▶ What you have to do: Given the records below, would you repeat exactly the lines that begin at the one containing "INTEL XEON PROCESSOR" and end at the one containing "명** 학생 Rhode", inclusive?

▶ Data shown:
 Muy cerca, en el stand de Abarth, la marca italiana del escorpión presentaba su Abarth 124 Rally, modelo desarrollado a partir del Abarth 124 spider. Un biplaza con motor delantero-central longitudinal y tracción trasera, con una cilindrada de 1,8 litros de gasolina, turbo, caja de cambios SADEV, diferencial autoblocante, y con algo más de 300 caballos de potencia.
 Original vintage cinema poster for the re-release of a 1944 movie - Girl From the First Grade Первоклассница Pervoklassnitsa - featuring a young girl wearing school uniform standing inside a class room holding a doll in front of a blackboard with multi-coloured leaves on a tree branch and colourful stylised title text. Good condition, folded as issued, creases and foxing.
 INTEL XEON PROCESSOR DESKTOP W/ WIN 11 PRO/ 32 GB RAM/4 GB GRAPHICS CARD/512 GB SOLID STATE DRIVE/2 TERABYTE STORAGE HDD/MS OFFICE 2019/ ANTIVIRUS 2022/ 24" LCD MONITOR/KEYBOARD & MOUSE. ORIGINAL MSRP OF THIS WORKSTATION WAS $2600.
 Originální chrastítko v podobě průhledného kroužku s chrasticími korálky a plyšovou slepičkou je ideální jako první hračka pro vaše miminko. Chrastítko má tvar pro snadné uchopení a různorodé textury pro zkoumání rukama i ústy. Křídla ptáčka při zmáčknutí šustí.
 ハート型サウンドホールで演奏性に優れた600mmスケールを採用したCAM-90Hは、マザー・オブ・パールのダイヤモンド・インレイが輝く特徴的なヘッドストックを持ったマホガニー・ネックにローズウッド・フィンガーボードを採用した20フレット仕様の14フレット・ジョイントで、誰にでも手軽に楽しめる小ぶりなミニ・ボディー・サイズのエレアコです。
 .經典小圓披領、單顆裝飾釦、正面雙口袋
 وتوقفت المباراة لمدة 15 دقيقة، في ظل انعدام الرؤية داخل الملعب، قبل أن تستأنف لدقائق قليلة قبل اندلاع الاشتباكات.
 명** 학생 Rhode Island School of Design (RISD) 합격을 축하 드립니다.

--

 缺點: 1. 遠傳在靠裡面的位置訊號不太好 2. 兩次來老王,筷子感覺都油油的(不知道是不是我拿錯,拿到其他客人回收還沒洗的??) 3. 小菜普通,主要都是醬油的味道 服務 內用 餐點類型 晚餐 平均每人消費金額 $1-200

▶ Response for this exercise:
 INTEL XEON PROCESSOR DESKTOP W/ WIN 11 PRO/ 32 GB RAM/4 GB GRAPHICS CARD/512 GB SOLID STATE DRIVE/2 TERABYTE STORAGE HDD/MS OFFICE 2019/ ANTIVIRUS 2022/ 24" LCD MONITOR/KEYBOARD & MOUSE. ORIGINAL MSRP OF THIS WORKSTATION WAS $2600.
 Originální chrastítko v podobě průhledného kroužku s chrasticími korálky a plyšovou slepičkou je ideální jako první hračka pro vaše miminko. Chrastítko má tvar pro snadné uchopení a různorodé textury pro zkoumání rukama i ústy. Křídla ptáčka při zmáčknutí šustí.
 ハート型サウンドホールで演奏性に優れた600mmスケールを採用したCAM-90Hは、マザー・オブ・パールのダイヤモンド・インレイが輝く特徴的なヘッドストックを持ったマホガニー・ネックにローズウッド・フィンガーボードを採用した20フレット仕様の14フレット・ジョイントで、誰にでも手軽に楽しめる小ぶりなミニ・ボディー・サイズのエレアコです。
 .經典小圓披領、單顆裝飾釦、正面雙口袋
 وتوقفت المباراة لمدة 15 دقيقة، في ظل انعدام الرؤية داخل الملعب، قبل أن تستأنف لدقائق قليلة قبل اندلاع الاشتباكات.
 명** 학생 Rhode Island School of Design (RISD) 합격을 축하 드립니다.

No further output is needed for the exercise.